Jesus represents Israel, he stands in the wilderness for Israel, Jesus stands in the wilderness for us, resisting temptation, examining the desires of his own heart, discerning the Father’s purpose for his life. He resists the temptation for a simple reason: Jesus was offered status without sacrifice, power without love. If Jesus had given in to this temptation, if he had embraced compromise, he would have given us a very different vision of God: a God without love, a Christ without a cross. This is temptation as a bypass, a shortcut to spirituality.

It is like reading the last page of a book, and pretending to know what it is all about. It is like skipping spring training and taking the field on opening day. It is like showing up for a dance recital without bothering to practice. It is like Easter without Lent. It is, in the words of the martyr Dietrich Bonhoeffer, “cheap grace”: grace without discipleship, grace without a cross, grace without Jesus Christ. It is, Bonhoeffer insisted, the “grace we bestow on ourselves”. (The Cost of Discipleship, 47).
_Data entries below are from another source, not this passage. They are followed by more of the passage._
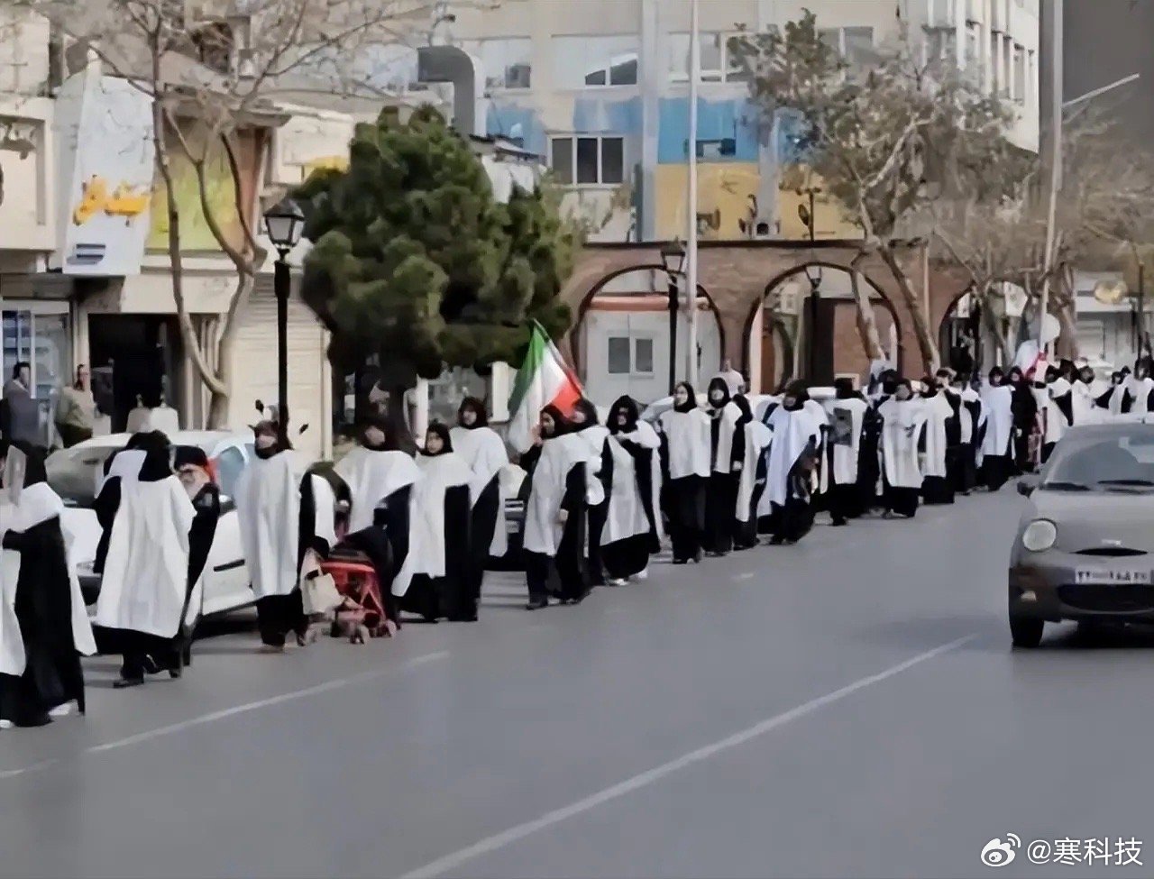 两伊战争持续八年都没有出现的场面,在哈梅内伊殉道后出现了。伊朗人“穿着自己的丧服”,宣示他们已做好准备,在战争中牺牲。
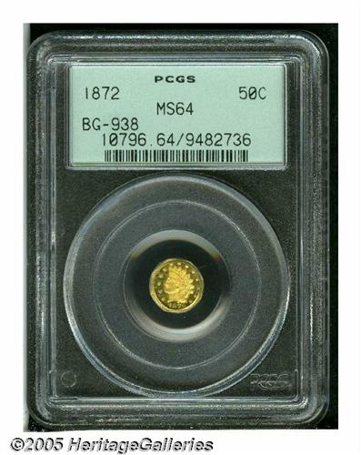 <B>1872<50C> Indian Octagonal 50 Cents, BG-938, Low R.6, MS64 PCGS.</B></I> Sharply struck with intensely prooflike fields and medallic die alignment. Very well preserved. Housed in a green label holder.
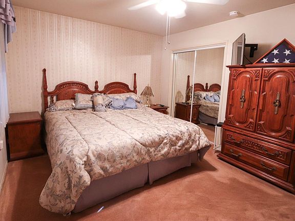 Welcome home to this cute 2 bedroom 1 3/4 bath home located in a peaceful 55+year adult community called Kern City. Features include a spacious living room,formal dining area, indoor utility room,ceiling fans throughout,dog friendly with doggie doors leading to backyard and hobby room, detached craft/hobby room, storage sheds,wide side yard for possible small boat or trailer, and spacious backyard with cement block fence. Located on quiet street close to shopping, post office, medical, bus lines, banks, restaurants and more. The Kern City community offers a pool,spa, library, gym, wood shop and more.Call for your appointment today!
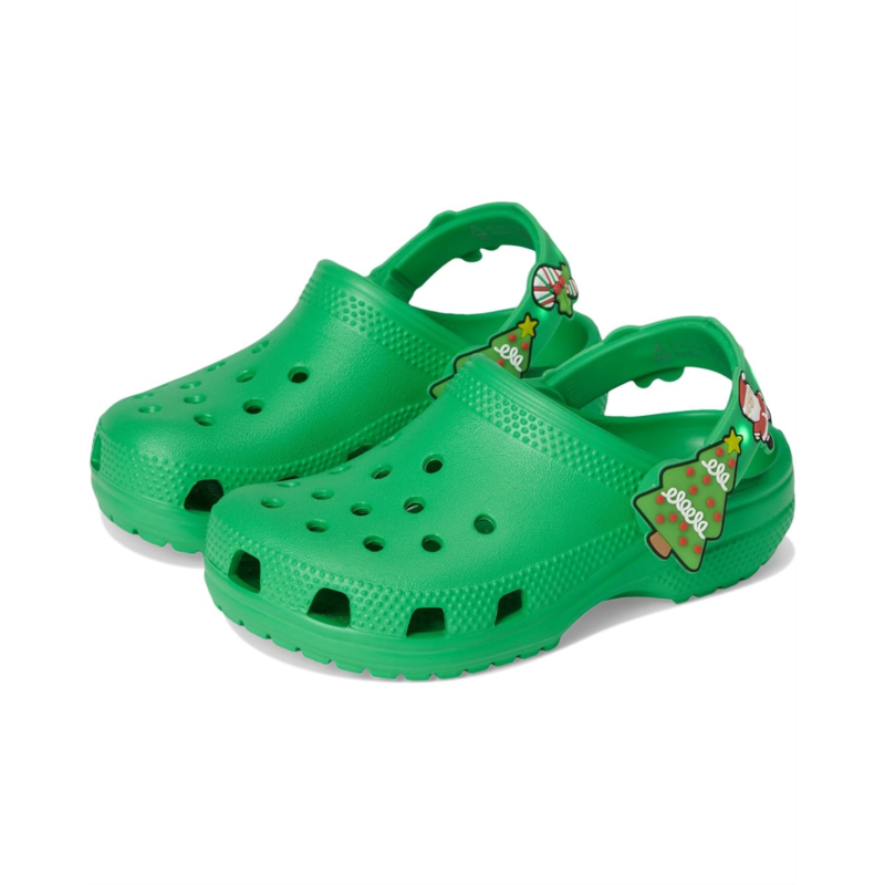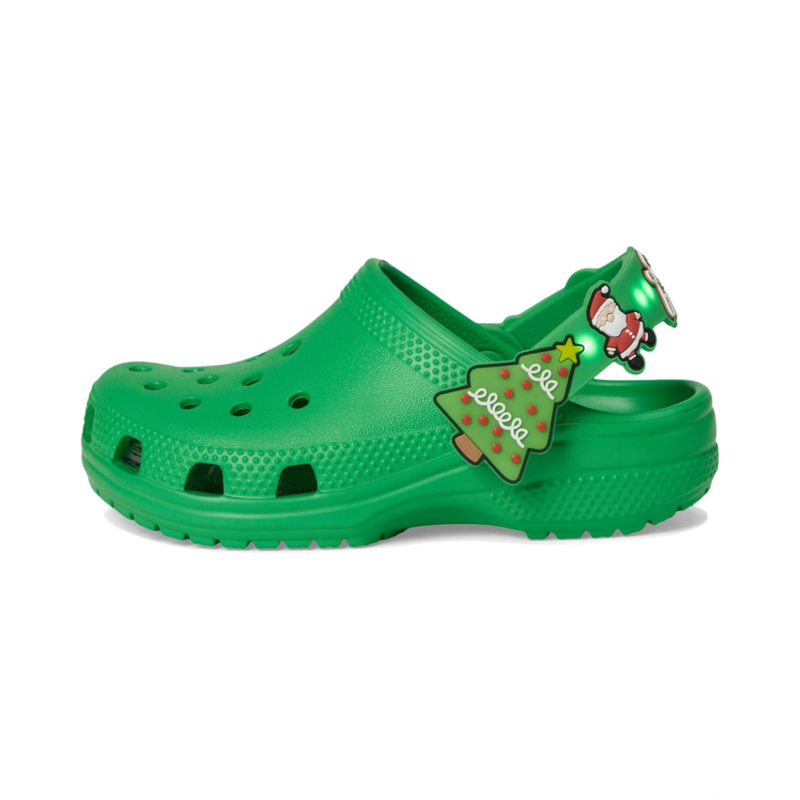 - Easy on, easy off! Just like the adult Classic, the Crocs Kids Classic Holiday Lights Clogs offer amazing comfort and support, thanks to the light, durable CROSLITE material and design. Kids can customize their Crocs clog however they like. The signature ventilation ports let feet breathe and accommodate JIBBITZ brand charms. A pivoting heel strap keeps the shoe secure during play.

With Jesus there is no shortcut to spirituality, no Easter without Lent, no crown without a cross, no status without sacrifice, no power without love. And it is exactly the same for us. There are no shortcuts in the spiritual life.

Henri Nouwen has a wonderful reflection on this temptation:


“What makes this temptation of power so irresistible? Maybe it is that power offers an easy substitute for the hard task of love. It seems easier to be God than to love God, easier to control people than to love people,
easier to own life than to love life.

Jesus asks, “do you love me?” We ask, “can we sit at your right hand and your left hand?” [Our] painful history is that [we are] ever and ever again tempted to choose power over love, control over the cross, leading over being led” (In The Name of Jesus, 59-60).

There is nothing wrong with having authority. But here is the insight: true authority comes from the Lord, real power comes from God. The illusion, of course, was that the world was Satan’s to give to Jesus. Jesus knew that going Satan’s way was the way to lose power. Jesus opted to receive from the Father what was the Father’s to give. The early Christians sang about this in a hymn:

Have this mind in you which was in Christ Jesus

Who though he was in the form of God

Did not count equality with God a thing to be grasped

But emptied himself, taking the form of a servant

And humbled himself and became obedient unto death,

Even death on a cross.

Therefore God highly exalted him and has given him

The name which is above every name,

So that at the name of Jesus every knee should bow

In heaven and on earth and under the earth

And every tongue confess

That Jesus Christ is Lord, to the glory of God the Father.

(Philippians 2. 5-11)

We have been asking the question, “How are the temptations of Jesus your own temptations?” We too are tempted by power.

Aren’t we led to places and asked to compromise our convictions? Who would know, or care?

Don’t we wonder, at times, if life wouldn’t be better if we crossed the line and went over to the other side? The lights are bright, and the people seem happy.

Don’t we hear words coming out of our mouths, words that express what is really in our hearts?

Don’t we realize how smooth is the slope that takes us downward? “Lead us not into temptation, we know the way already”.

All of us, in a number of ways, fight adversaries that are outside of us and within us, and if there seems to be no spiritual battle, then there is a problem.

Each of us is presented with the exact choice that Jesus faced:

Power without God, which is power without love, or

The power of God, which is love.

Next Sunday we will conclude this series of messages on the temptations of Jesus, and we will look specifically at the resources he used to overcome them. If his temptations are ours, his ways of resisting them can be ours as well.

Lead us not into temptation, we pray. Let us pray those words, let us choose love over power,

let us cling to the cross even as we give up control,

let us not worry so much about being the leader,

and focus instead on being led.

As we journey toward Easter, where a garden, a cross and an empty tomb await us, may we have a clarity about the desires of our hearts, an honesty about the ways we are tempted, and a desire to worship and serve God alone.